BACKGROUND OF THE INVENTION
Data compression (or reduction) is a digital signal processing technique for reducing the amount of data to be dealt with without losing essential information in the process. This is essentially done by the removal of redundancy in the data and may involve the discarding of uninteresting parts of the data. Such compression can result in some loss of data accuracy. Data compression that allows the exact reconstruction of the original data is often referred to in the literature as lossless. Data compression that involves some reduction in accuracy is known as lossy. Common examples of data compression are “rounding” and “down sampling”; both methods are usually lossy.
Seismic data acquisition requires a large number of seismic experiments to be conducted in order to obtain a reliable image of the Earth's subsurface. Each experiment involves the generation of a sound wave using an appropriate source and measuring the earth's response by a large number of receivers. A large scale seismic survey thus produces an enormous amount of data which will normally be in digital format, which has to be transmitted, stored and processed. To facilitate the handling of such large volumes of data, data compression can be utilized.

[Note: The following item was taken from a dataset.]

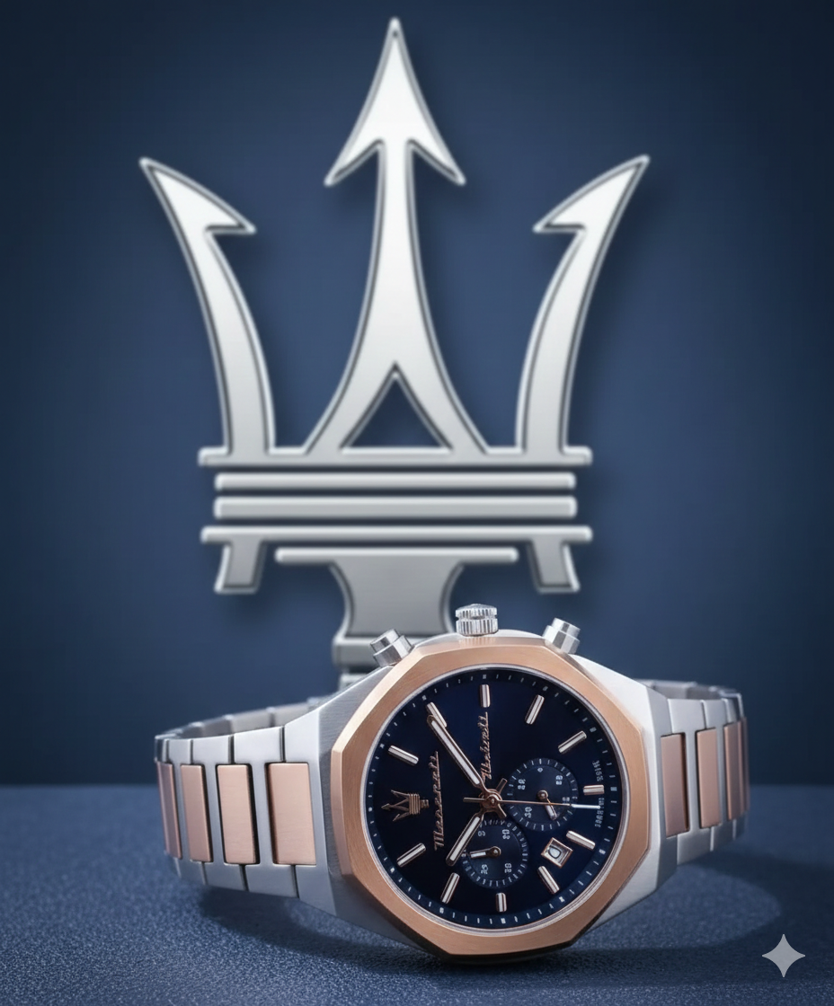 The iconic *Maserati* tricolor logo adorns the dial, a clear signature of Italian craftsmanship, while the elegant presentation case, bearing the brand’s identity, completes the look, making this watch an ideal gift or a piece of art to wear with confidence.

A lossy data compression technique that is routinely used in seismic data acquisition is group forming. This involves the retention and transmission and processing of the sum of neighboring receivers within fixed-sized groups, instead of the individual measurements.
Group forming is not used primarily for data compression. Group forming suppresses random ambient noise and suppresses waves with low apparent velocities, such as groundroll in land seismics. Thus group forming attenuates the high spatial frequency content of the data. However, the attenuation is performed in a crude way as it only partially suppresses apparently slowly propagating waves and alters the rest of the data. Consequently there is a good reason to omit group forming from the acquisition stage and to record the output of every receiver individually. This then permits the application of more sophisticated methods for reducing random and coherent noise. However the abolition of group forming at the acquisition stage greatly increases the amount of data to be handled downstream.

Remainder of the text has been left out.